- **Exercise material**
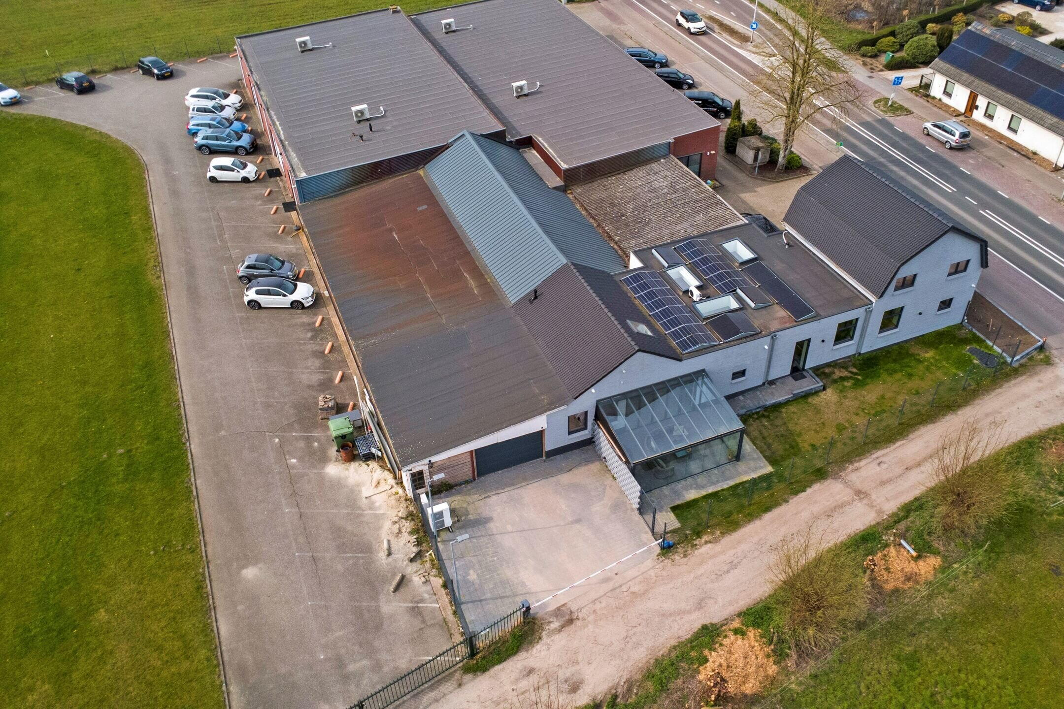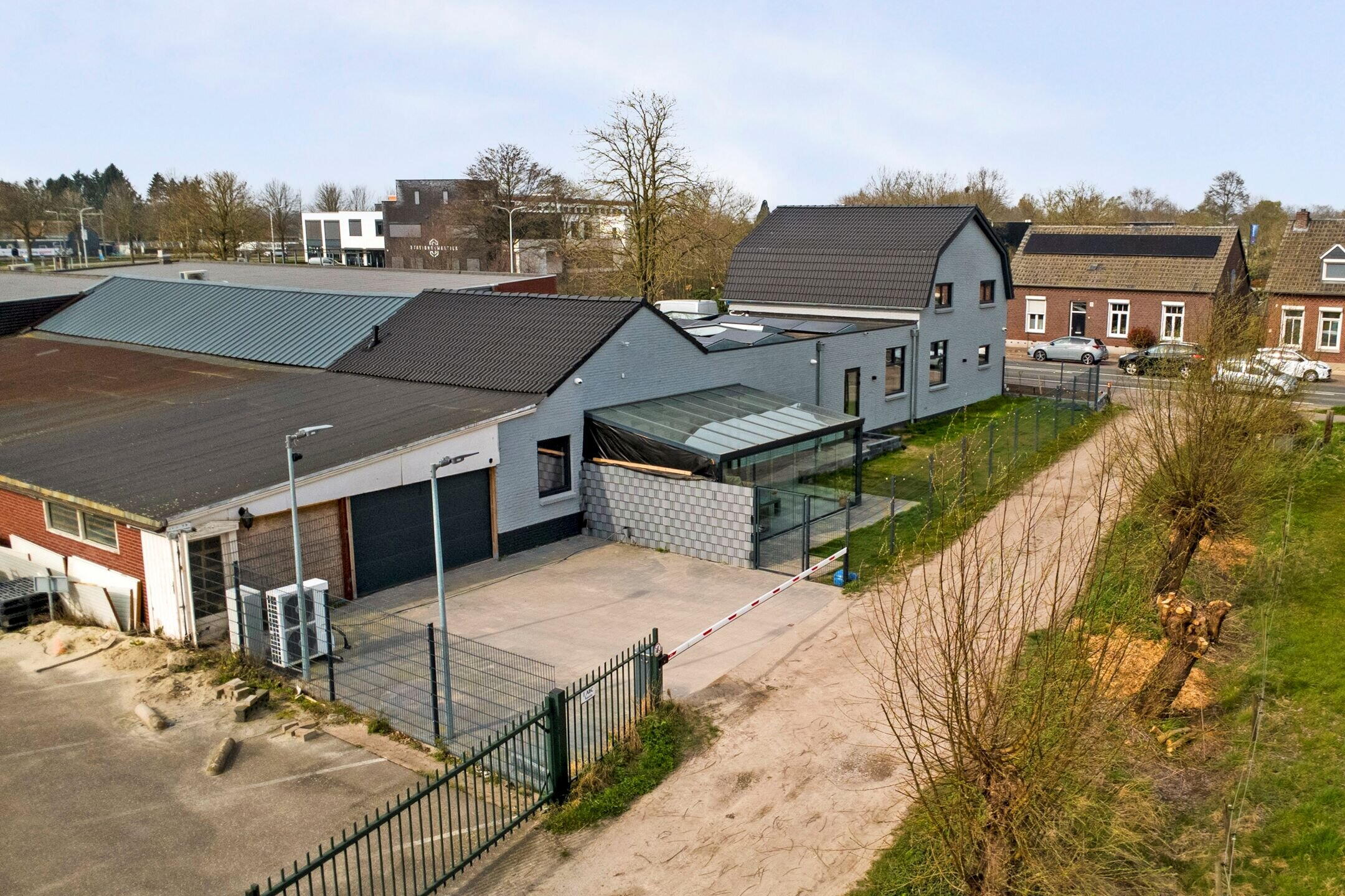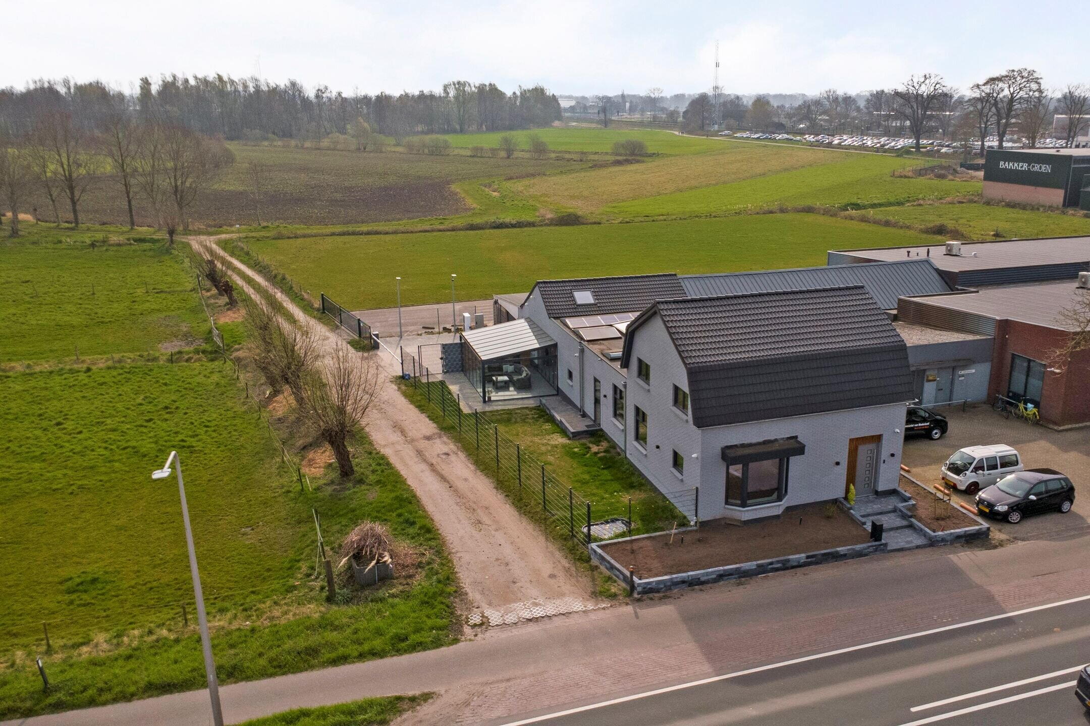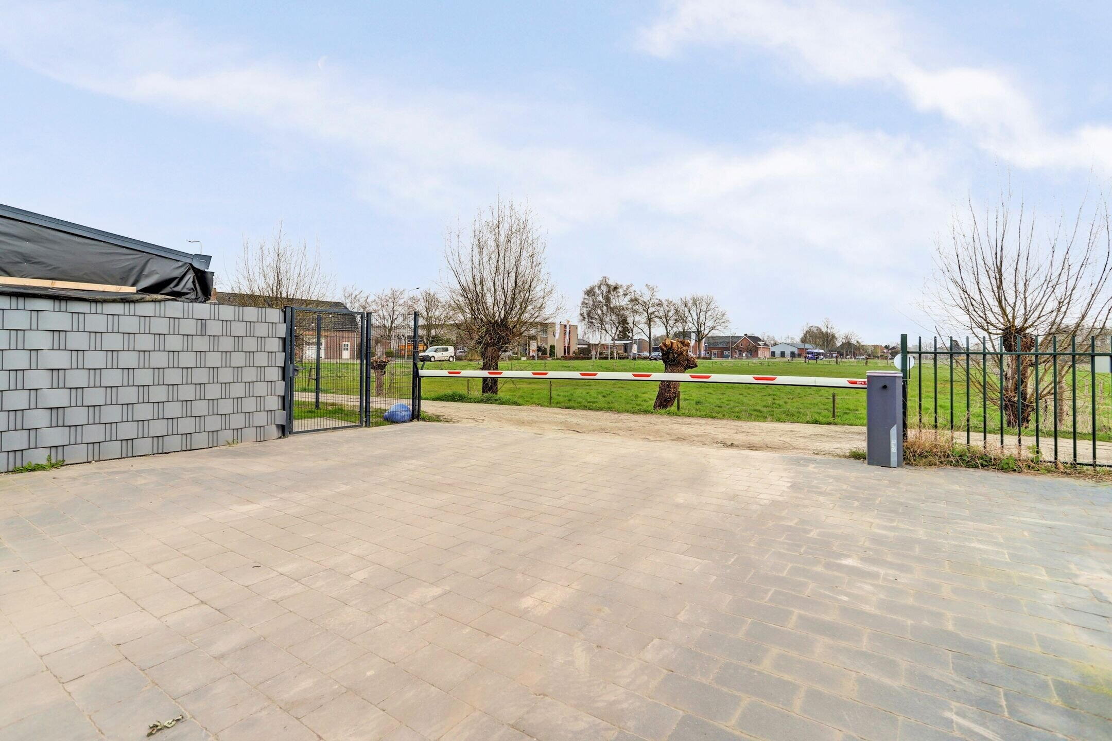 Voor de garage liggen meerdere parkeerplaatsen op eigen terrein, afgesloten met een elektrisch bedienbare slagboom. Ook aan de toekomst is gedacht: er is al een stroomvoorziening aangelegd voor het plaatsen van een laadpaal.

==

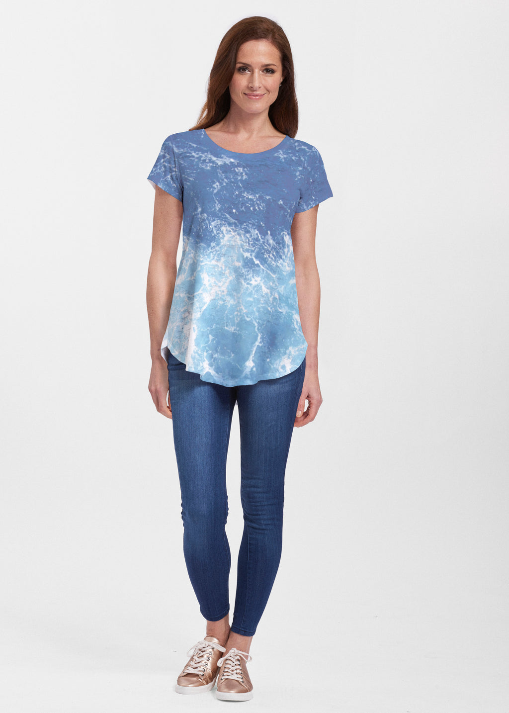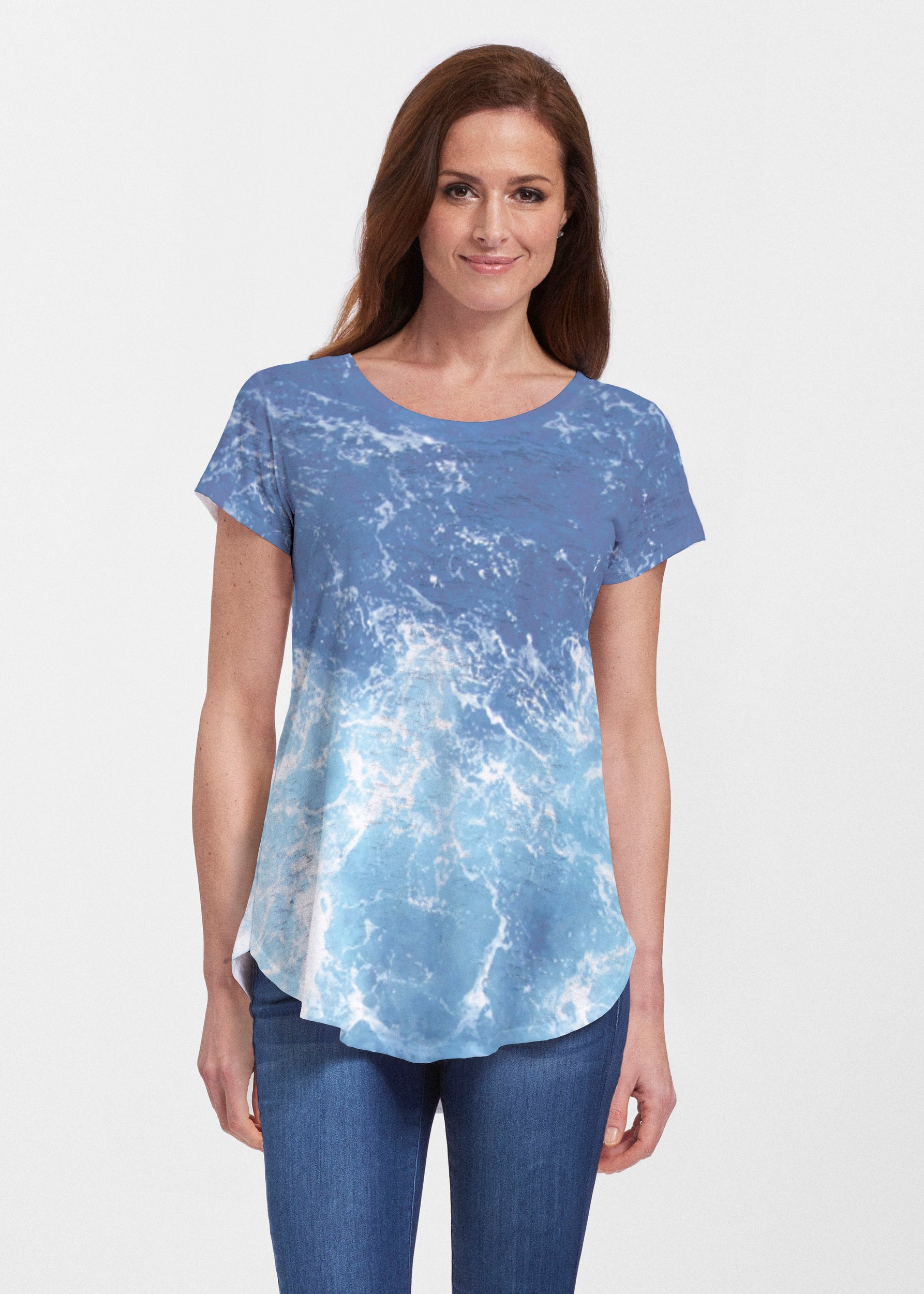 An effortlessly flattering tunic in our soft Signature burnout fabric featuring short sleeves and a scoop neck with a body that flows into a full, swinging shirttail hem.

* * *

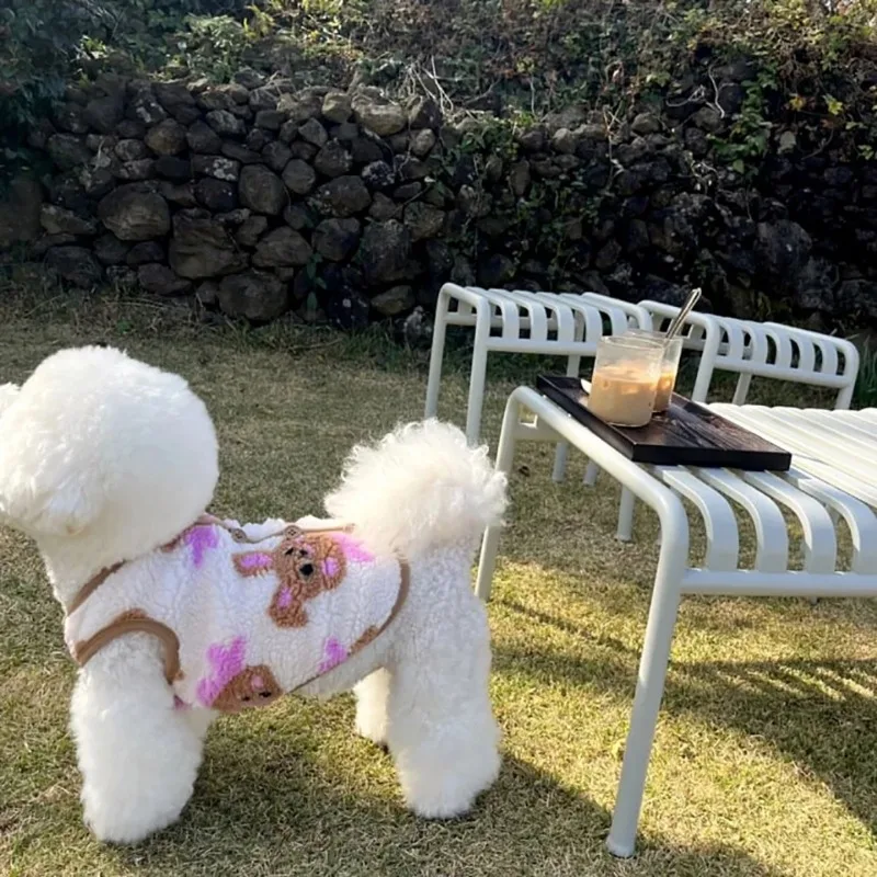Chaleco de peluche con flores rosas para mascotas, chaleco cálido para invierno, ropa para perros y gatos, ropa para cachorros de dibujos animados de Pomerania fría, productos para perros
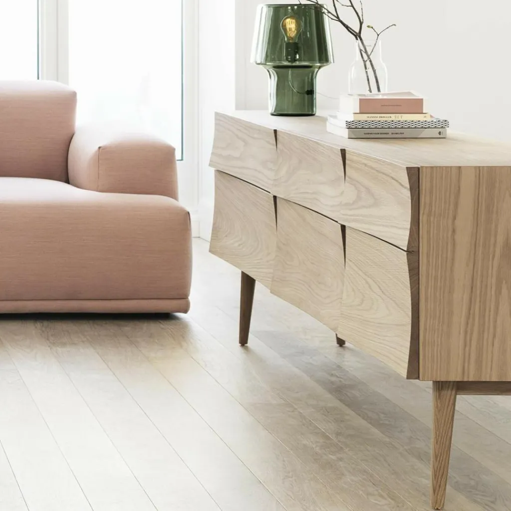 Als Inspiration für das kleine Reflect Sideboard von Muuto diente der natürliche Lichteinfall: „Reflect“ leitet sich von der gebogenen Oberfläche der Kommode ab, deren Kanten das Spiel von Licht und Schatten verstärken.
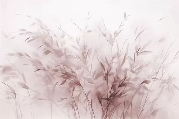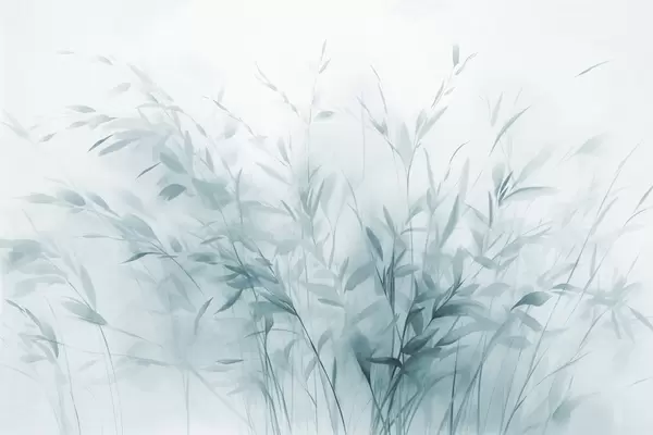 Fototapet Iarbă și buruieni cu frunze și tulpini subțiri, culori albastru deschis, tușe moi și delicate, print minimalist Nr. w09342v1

- **Work order**
When you reach the line that has "Chaleco de peluche" in the data above, start repeating lines exactly, and stop after the line that has "Fototapet Iarbă și"; pictures stay out.

- **Response**
Chaleco de peluche con flores rosas para mascotas, chaleco cálido para invierno, ropa para perros y gatos, ropa para cachorros de dibujos animados de Pomerania fría, productos para perros
 Als Inspiration für das kleine Reflect Sideboard von Muuto diente der natürliche Lichteinfall: „Reflect“ leitet sich von der gebogenen Oberfläche der Kommode ab, deren Kanten das Spiel von Licht und Schatten verstärken.
 Fototapet Iarbă și buruieni cu frunze și tulpini subțiri, culori albastru deschis, tușe moi și delicate, print minimalist Nr. w09342v1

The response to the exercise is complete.